14/02/2017

Berlin 2017 - Sabu, l'Asiatique qui attend son heure

sabu.jpgNe dirait-on pas un père et son fils? Impression déjouée par le sous-titre, qui indique que les deux ne se connaissent pas (vraiment). Pourtant, ce thème du rapprochement filial finit par l'emporter dans le séduisant Mr. Long de Sabu, qui débute comme un film d'action violent et sanglant avant de s'achever pratiquement sur un air de mélo tire-larmes. Les transitions sont habiles, les personnages identifiables, et l'ensemble possède une cohésion graphique qui s'ancre autant dans la tradition du cinéma asiatique que dans le classicisme hollywoodien. Davantage connu dans les festivals (et surtout à Berlin) qu'en dehors, Sabu pourrait enfin prendre un envol mérité grâce à ce Mr. Long qui pourtant payait peu de mine sur le papier.


nachte.jpgCette fois, on ne dirait pas forcément un père et son fils. Tel est pourtant le cas dans Helle Nächte, film centré sur leur rapprochement au cours d'un voyage en Norvège après un enterrement. L'aspect méditatif l'emporte dans des plans souvent silencieux, dont un très long plan-séquence sur une route, depuis une voiture traversant des contrées embrumées où les vestiges de civilisation se font rares. Le dépouillement, pour ne pas dire le dénuement, impose sa loi extrinsèque sans exclure l'émotion. Helle Nächte, de l'Allemand Thomas Arslan, ne révolutionnera pas le cinéma d'auteur européen, mais il instille sa grammaire intimiste sans se la jouer grand philosophe.

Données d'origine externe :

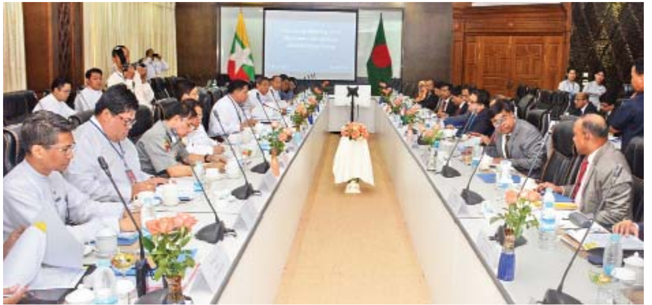
မြန်မာနိုင်ငံနှင့် ဘင်္ဂလားဒေ့ရှ်နိုင်ငံတို့အကြား နေရပ်စွန့်ခွာသွားသူများ ပြန်လည်စိစစ်လက်ခံရေး ပူးတွဲလုပ်ငန်းအဖွဲ့၏ စတုတ္ထအကြိမ် အစည်းအဝေးကျင်းပစဉ်။

မြန်မာကိုယ်စားလှယ်အဖွဲ့က နေရပ်စွန့်ခွာသွားသူများကို ပြန်လည်စိစစ်

the-party.jpgEt puis voici quatre personnages, ou acteurs, en quête d'auteur. La pose est volontairement théâtrale dans ce vaudeville qui se termine mal, règlement de comptes au cours d'une party qui dégénère. Pas toujours inspirée, Sally Potter donne ici dans la facilité, convoquant les rires du public sous une esthétique noir et blanc gratuite. Bien ciselés par de brillants comédiens, les dialogues fusent et font ricochet. Tout cela a le mérite d'être très court (71 minutes) et de donner un coup de fouet salutaire entre deux productions plus cérébrales. En revanche, The Party - rien à voir avec le chef d'oeuvre de Blake Edwards - est loin d'être le métrage le plus essentiel de cette 67e Berlinale.